A StockOpter White Paper
This document discusses what stock price volatilities are and how they are calculated. The volatility of the stock price is an input into StockOpter.com’s calculations of option values (using the Black-Scholes option-pricing model), value-at-risk (VaR), and probabilities associated with various stock prices. There are additional white papers on the Black-Scholes option-pricing model and VaR calculations at blog.stockopter.com. A discussion of probability calculations can also be found there at the end of the white paper on the lognormal random walk model for stock prices.
The volatility of a stock price is a measure of its variability. It is defined as the annualized standard deviation of the change in “ln” of the stock price (ln is the natural, or base e, logarithm of a number). For why change in ln is an appropriate measure, see the discussion of the lognormal random walk model for stock prices (Part I) here.
When the change in ln is small, the change in ln of the stock price is approximately the same as the percent change in the stock price.
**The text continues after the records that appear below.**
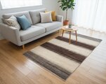 伝統的なギャッベのデザインを現代的に解釈し、ストライプやジグザグ、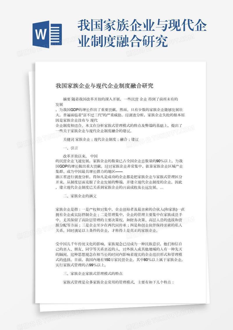 本作品为我国家族企业与现代企业制度融合研究, 编号:5a525o7y6a, 格式为 docx, 大小1 MB, 本作品下载后,先解压,解压之后用推荐软件 Word(2010) 打开, 然后进行编辑功能。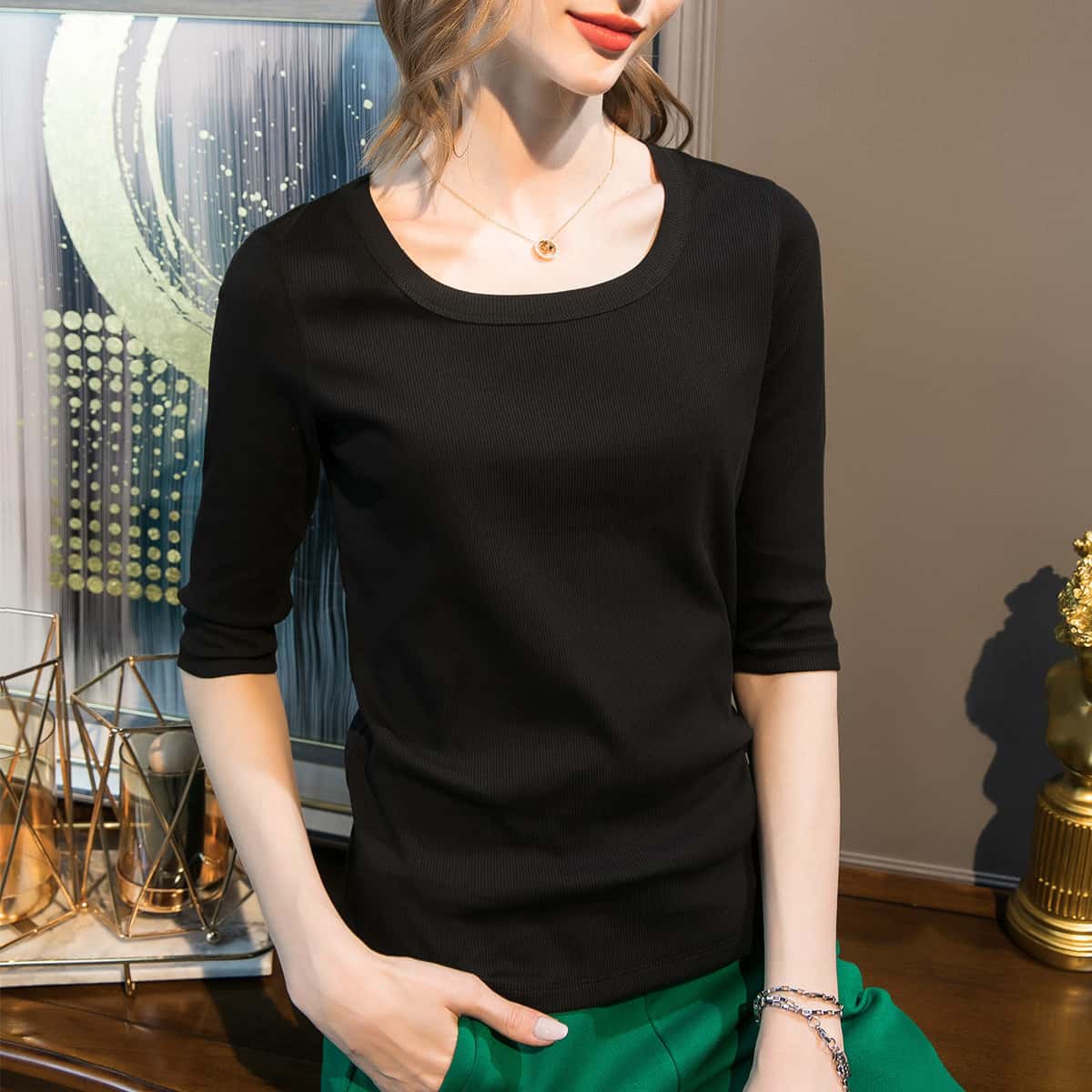 5分鐘前2025年新款新疆棉u領中袖打底衫 黑色一件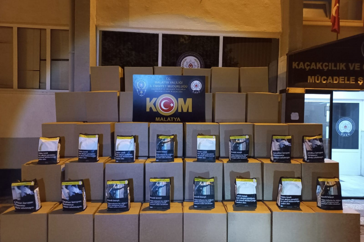 Malatya KOM Şube Müdürlüğü ekiplerince yürütülen çalışmalar çerçevesinde Sürgü ile Kale yol uygulama noktalarında durdurulan 2 ayrı araçta yapılan aramada bir ton kaçak tütün ile çok 60 bin dal sahte bandrollü makaron ele geçirildi
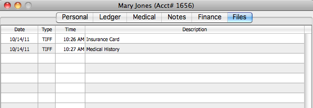 To view files for a patient, choose the FILES tab in the Patient Information screen.
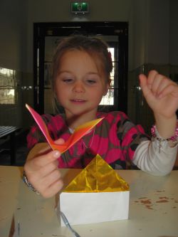 origamistappen nog eens na te gaan. Of samen het model te vouwen en
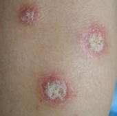 1、 牛皮癣进行期症状。牛皮癣的进行期是皮损的急性发生阶段,最明显的特点是新的皮损不断出现,原有的皮损也可以不断扩大,皮损常表现为鲜红色,周边常有一圈红晕,炎症特征比较明显,上面覆盖有疏松的、容易脱落的的银白色鳞屑。在牛皮癣进行期,患者的皮肤比较敏感,外界刺激容易导致同形反应的发生,如针刺、注射、手术切口等刺激健康皮肤表面,也可发生牛皮癣皮损,一定要尽量避免。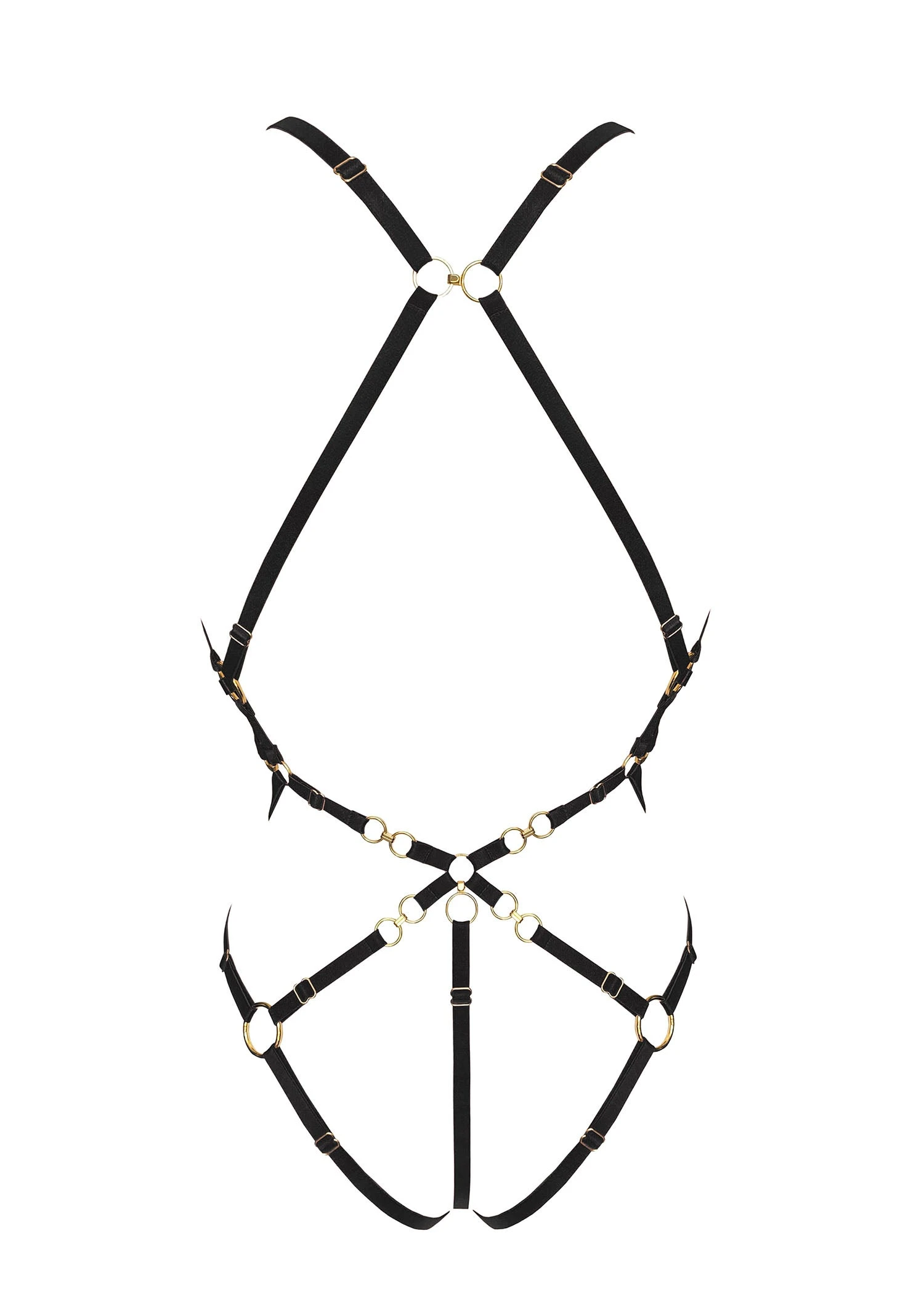 Captivate in the Kleio Multi-Style Harness Body. Displaying our new 24k gold plated chain-link component, this versatile piece features a detachable mesh body which is secured to rings on the harness via 24k gold plated ring hooks. Wear the elastic harness solo or with the accompanying mesh body panel. Pair with nipplets for the ultimate bondage look.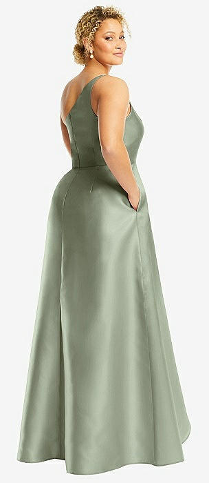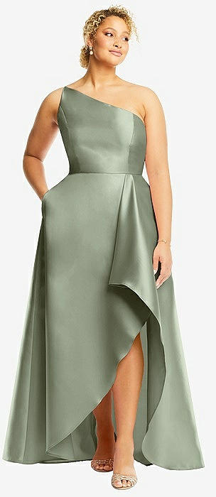 One-Shoulder Satin Gown with Draped Front Slit and Pockets in sage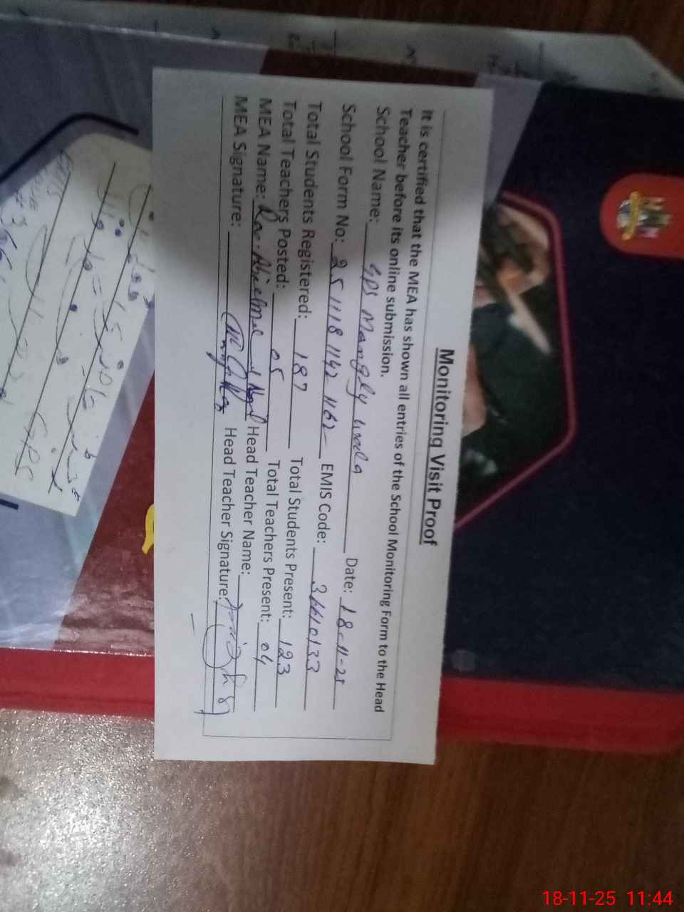 | Attendance Register | Head Teacher | MEA with School | Visit Proof |

It is probably due to this that volatilities are normally expressed as percents. For example, if the annualized standard deviation of the change in ln of the price of a stock is 0.3, by convention we say that the stock’s volatility is 30%.
All of the ways in which StockOpter.com uses volatility are forward-looking. However, the future volatility of a stock is likely to resemble its past volatility, especially if one compares the near future to the recent past. Historical volatilities are calculated from historical prices. They are normally calculated from day-to-day price changes, though they are expressed on an annualized basis.
There are tradeoffs involved in how far back to look. The further back one looks in time, the more data one has to work with, and the less one has to worry about uncertainty in the estimate of the volatility due to small sample size. On the other hand, the world changes, and the volatility of the price of a stock several years ago may not be a very good guide to the volatility of the price of that stock today. Generally, six months of data seems to be a good compromise.
One might want to use somewhat less historical data if one wanted to avoid using data from some past period that there is reason to believe is not representative of what to expect in the future. One would want to distinguish here between the near future and the more distant future. One might not expect a past period of high variability to be repeated in the next month, for example, yet consider it highly likely that some such periods would be seen over a long time horizon.
The volatility of the stock price is an input in calculating the value of an option using the Black-Scholes model. An implied volatility is calculated by turning this on its head; one starts with the value of the option as an input, and solves the Black-Scholes model for the volatility. It turns out that one cannot actually solve the equation; an iterative trial-and-error procedure is used to determine the volatility that produces the observed price.
An option trader must have a forward-looking view of volatility, based only in part on the volatility seen in the recent past. Option traders use their estimates of future volatilities to price options. One can, in turn, calculate the implied volatility of an option to see what the trader pricing the option thinks the volatility of the stock price will be over the tenor of the option. Traders do this too; they want to know what other traders are thinking.
All of the purposes for which StockOpter.com uses volatility would seem to be best served by implied rather than historical volatility, due to the forward-looking nature of implied volatility. However, there are several potential problems with using implied volatilities. These include:
- Liquidity can be a problem. An estimate of future volatility based on only a few traded options can hardly be called a market consensus. Options will typically have greater liquidity for shorter tenors than for longer tenors.
- Employee stock options typically have much longer tenors than the tenors of any regularly traded options.
- The prices of options that are very far in the money or out of the money are not very sensitive to the volatility input, so implied volatilities calculated from the prices of such options are not very reliable.
- One must be careful to exclude profit from the price for an option used to calculate an implied volatility. One can approximate this by averaging bid and ask prices.
Differing Time Intervals
One problem in using historical data is what time interval to use. Although we ultimately want the standard deviation of year-to-year changes, we don’t want to use annual prices as inputs, due to the very small number of observed prices that we would be using. Historical volatilities are normally calculated from daily prices, collected at a consistent time of day (generally at closing). One calculates the ln of each price, then calculates the difference in ln of each price, starting with the second price in the sample, from that of the day before, and then calculates the standard deviation of these differences.
However, the result is the standard deviation of daily changes in price, and what we want is the standard deviation of annual changes in price. We can convert by making use of the fact that the standard deviation is proportional to the square root of the time interval. For an explanation of why this is the case, see the discussion of the lognormal random walk model for stock prices (Part II) here.
Thus, we can calculate the volatility by dividing the standard deviation of daily changes in ln by the square root of a one-day interval expressed in years. However, we need to be careful about the “expressed in years” part. The vast majority of change in price takes place during trading hours. As a result, we should use the fraction that one trading day is of one trading year. A common convention is that there are 252 trading days in a year. Thus, we calculate the volatility by dividing the standard deviation of daily changes in ln by the square root of 1/252, or, what is mathematically equivalent but easier, multiplying it by the square root of 252.